Богомолье – исключительно московское
явление. Причина очевидна – Сергиев Посад
находится вблизи Москвы, и можно совершать этот
обряд систематически (раз в год, к примеру). А при
желании – даже пешком.
Кроме того, это явление демократическое. Каждый
день по ярославскому пути на Сергиев Посад
тянулись толпы богомольцев самого
разнообразного достатка и общественного
положения. Русские летописи переполнены такими,
например, заметками: “В лето 1533, сентября 14-го,
поехал князь великий Василий Иванович всея Руси
к живоначальной Троице и к преподобному
чудотворцу Сергию, на память чудотворца Сергия”.
Самое знаменитое, истинно историческое
посещение монастыря пришлось на 1380 год, когда
князь Дмитрий Иванович Донской перед тем, как
начинать сражение на Куликовом поле, посетил
Сергия Радонежского и получил благословение, а
также двух прославленных впоследствии монахов –
Пересвета и Ослябю. В Житие Сергия Радонежского о
том событии записано: «Князь же… великий
Дмитрей… приде к святому Сергию, якоже велию
веру имеа к старцу въпросити его, еще повелит ему
противу безбожных изыти: ведяще бо мужа
добродетелна суща и дар пророчества имуща.

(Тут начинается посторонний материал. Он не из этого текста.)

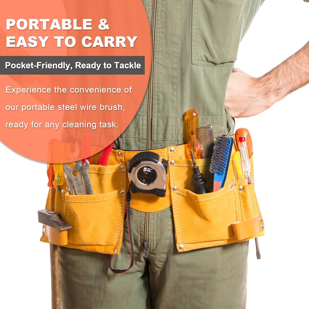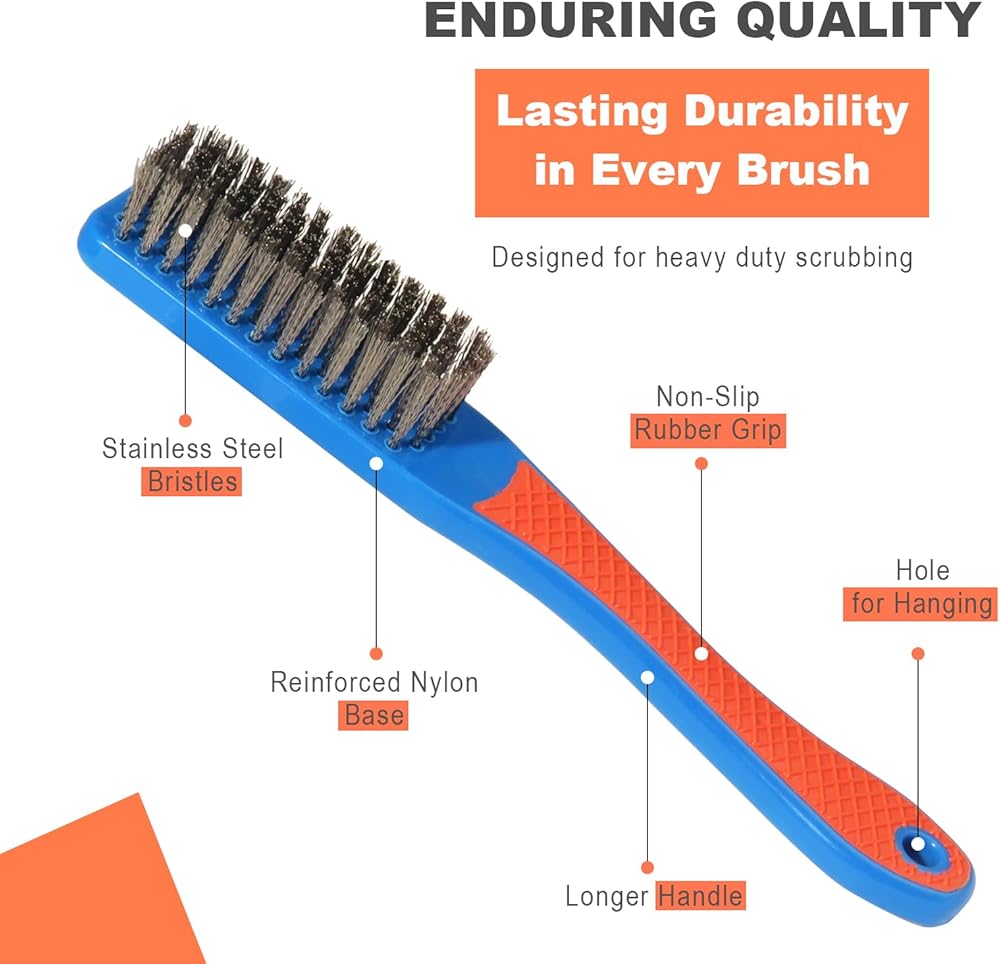 عملي - تغلب على الصدأ وبقع الطلاء والأوساخ وخبث اللحام واللحام والقياس باستخدام فرشاة الأسلاك الفولاذية عالية القوة. متعدد الاستخدامات للعديد من الأسطح، فهو الأداة المثالية للتنظيف الشاق، بدءًا من الأجزاء والمعدات وحتى الآلات، مما يضمن المرونة والكفاءة.

Святый же… благословив его, молитвою вооружив и
рече: “Подобает ти, господине, пещись о врученном
от Бога христоименитому стаду: поиди противу
безбожных и Богу помогающу ти победиши и здрав в
свое отечьство с великыми похвалами
возвратишись”».
После же победоносного сражения Дмитрий Донской
вновь посетил обитель Сергия – “благодаряще
старца и братию” за помощь.
Впоследствии эта история иной раз сподвигала
высшее отечественное чиновничество на подобные
поступки, а российскую интеллигенцию – на острую
иронию. Влас Дорошевич, например, писал о
Вячеславе Константиновиче Плеве, в то время
министре внутренних дел: “В Полтаве вспыхнули
беспорядки.
Заехав в Троице-Сергиеву лавру, словно он был
Дмитрий Донской и ехал воевать против татар, а не
русских же людей…
Лавра не дала ему только Пересвета и Осляби.
У Плеве был князь Оболенский.
Заехав в Троице-Сергиеву лавру, фон Плеве проехал
в Полтаву и, посетив поля битв, вот какое вынес
убежденье.
Его собственные слова:
– В Полтавской губернии аграрные беспорядки?
Ничего удивительного. Явление естественное”.
Впрочем, большая часть богомольцев следовала в
лавру не для имиджа, а по чистосердечному
зову-велению. Сергей Николаевич Дурылин,
например, писал о своей матери: “В 1914 году летом я
повез ее к Троице – и она вспоминала, как в
трудную минуту, после смерти бабушки, она взяла
меня, маленького, и уехала внезапно для всех
домочадцев к Троице-Сергию.
В этот зимний день ей, потерявшей мать, стало
особенно тяжело от горестного одиночества, от ее
безрадостных забот о большой разваливающейся
семье, ей стало так непереносимо от давно
накопившейся и постоянно подбавляемой жизнью
тоски, что она, взяв своего “старшенького”…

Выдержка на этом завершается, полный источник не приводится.